This one's not so very tough to figure out.
There's a lot of curiosity involved - the role reversal, the idea of the body going through something it wasn't meant to, the peek at the other side - and on the giving end there are certainly plenty of guys who find the idea to be a compliment, that they're so virile they can knock up anything. It can be a violation, too; of boundaries: that's a line man was not meant to cross, so crossing it can be hot as the 'safety' of their maledom, what keeps them from having to experience pregnancy, is shattered; of identity: there are plenty of male-centric fetishes that break down the idea of maleness into a zero sum game (it's always been a popular way for men to think of it - not a healthy way, but popular) and being knocked up is one way of shattering a rival-or-something's masculinity.

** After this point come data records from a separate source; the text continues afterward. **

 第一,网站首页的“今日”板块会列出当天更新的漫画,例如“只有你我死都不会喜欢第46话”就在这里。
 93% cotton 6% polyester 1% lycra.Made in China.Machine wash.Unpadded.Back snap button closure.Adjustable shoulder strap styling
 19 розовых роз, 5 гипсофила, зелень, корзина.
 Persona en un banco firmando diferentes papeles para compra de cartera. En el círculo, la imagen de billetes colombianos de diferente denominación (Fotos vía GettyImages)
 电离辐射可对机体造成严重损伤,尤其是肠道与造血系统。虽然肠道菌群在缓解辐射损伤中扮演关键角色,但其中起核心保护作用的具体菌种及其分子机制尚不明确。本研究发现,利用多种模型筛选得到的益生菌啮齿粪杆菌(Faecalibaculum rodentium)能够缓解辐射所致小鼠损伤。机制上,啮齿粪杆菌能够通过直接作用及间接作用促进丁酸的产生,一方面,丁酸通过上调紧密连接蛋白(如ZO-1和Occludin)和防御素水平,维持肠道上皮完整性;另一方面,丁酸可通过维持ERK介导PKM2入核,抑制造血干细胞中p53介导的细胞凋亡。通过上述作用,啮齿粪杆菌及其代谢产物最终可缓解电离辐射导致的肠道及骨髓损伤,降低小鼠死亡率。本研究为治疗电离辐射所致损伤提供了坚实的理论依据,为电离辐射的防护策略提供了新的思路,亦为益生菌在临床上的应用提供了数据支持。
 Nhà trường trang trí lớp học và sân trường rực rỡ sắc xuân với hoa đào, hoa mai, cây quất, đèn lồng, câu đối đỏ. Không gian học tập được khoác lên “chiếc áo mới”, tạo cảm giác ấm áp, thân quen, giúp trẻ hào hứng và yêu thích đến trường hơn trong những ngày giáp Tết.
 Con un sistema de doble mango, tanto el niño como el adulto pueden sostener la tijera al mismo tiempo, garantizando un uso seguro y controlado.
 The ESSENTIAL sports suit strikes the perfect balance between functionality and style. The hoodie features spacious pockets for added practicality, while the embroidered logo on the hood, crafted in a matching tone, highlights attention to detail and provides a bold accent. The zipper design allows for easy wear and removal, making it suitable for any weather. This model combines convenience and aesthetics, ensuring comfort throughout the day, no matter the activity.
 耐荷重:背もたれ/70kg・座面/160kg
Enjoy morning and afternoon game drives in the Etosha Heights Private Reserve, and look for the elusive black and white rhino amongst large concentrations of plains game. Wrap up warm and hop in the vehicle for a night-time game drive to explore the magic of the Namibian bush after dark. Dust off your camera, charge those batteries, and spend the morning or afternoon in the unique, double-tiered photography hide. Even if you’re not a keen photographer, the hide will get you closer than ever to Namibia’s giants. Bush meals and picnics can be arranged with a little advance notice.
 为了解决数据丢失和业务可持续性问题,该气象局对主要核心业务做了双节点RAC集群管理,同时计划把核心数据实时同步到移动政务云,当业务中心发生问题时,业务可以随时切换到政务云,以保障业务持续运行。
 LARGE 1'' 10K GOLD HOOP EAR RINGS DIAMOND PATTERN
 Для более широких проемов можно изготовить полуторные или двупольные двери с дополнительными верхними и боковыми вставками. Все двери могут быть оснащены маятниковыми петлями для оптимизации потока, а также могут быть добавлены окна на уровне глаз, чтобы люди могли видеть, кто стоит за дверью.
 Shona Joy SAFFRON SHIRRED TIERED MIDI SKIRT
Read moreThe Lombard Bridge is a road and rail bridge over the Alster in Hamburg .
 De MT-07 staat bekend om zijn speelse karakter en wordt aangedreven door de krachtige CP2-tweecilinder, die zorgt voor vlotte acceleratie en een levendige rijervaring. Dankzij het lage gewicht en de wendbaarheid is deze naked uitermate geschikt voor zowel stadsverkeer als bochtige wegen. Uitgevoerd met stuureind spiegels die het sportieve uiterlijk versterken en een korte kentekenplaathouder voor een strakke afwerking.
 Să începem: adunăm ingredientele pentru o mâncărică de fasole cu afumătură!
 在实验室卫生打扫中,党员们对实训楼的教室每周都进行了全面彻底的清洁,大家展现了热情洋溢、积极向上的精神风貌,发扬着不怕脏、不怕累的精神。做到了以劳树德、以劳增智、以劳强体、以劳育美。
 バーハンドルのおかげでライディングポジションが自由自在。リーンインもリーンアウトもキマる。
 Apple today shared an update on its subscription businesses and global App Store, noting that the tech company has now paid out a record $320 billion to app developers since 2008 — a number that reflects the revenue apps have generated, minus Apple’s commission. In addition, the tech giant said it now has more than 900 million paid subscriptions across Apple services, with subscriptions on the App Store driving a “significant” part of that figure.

But it can also be a search for deeper meaning, for connection. Hard to deny that there's something v. primally satisfying, an unspoken connection, when a man is giving of himself and a woman receiving and transforming it. Lovely as purely masculine fun can be that's not something it can replicate; mpreg is a yearning for something that's missing but desired. At the same time it's not -exactly- a wish for homo to be more like hetero, homo pregnancy (whether it's m/m or f/f) is stepping into the realm of fantastical possibility, of what conception would be like for these dynamics. It's moving beyond the strict physicality of conceiving into the metaphysical idea of it and that's actually a big part of why it's not something everyone will get.
To be perfectly frank when it comes to pregnancy the actual physical mechanics are exactly what gets them off for many; fantasy conceptions that dip into realms of abstraction will just make them scratch their heads and say "why not just do it the normal way?".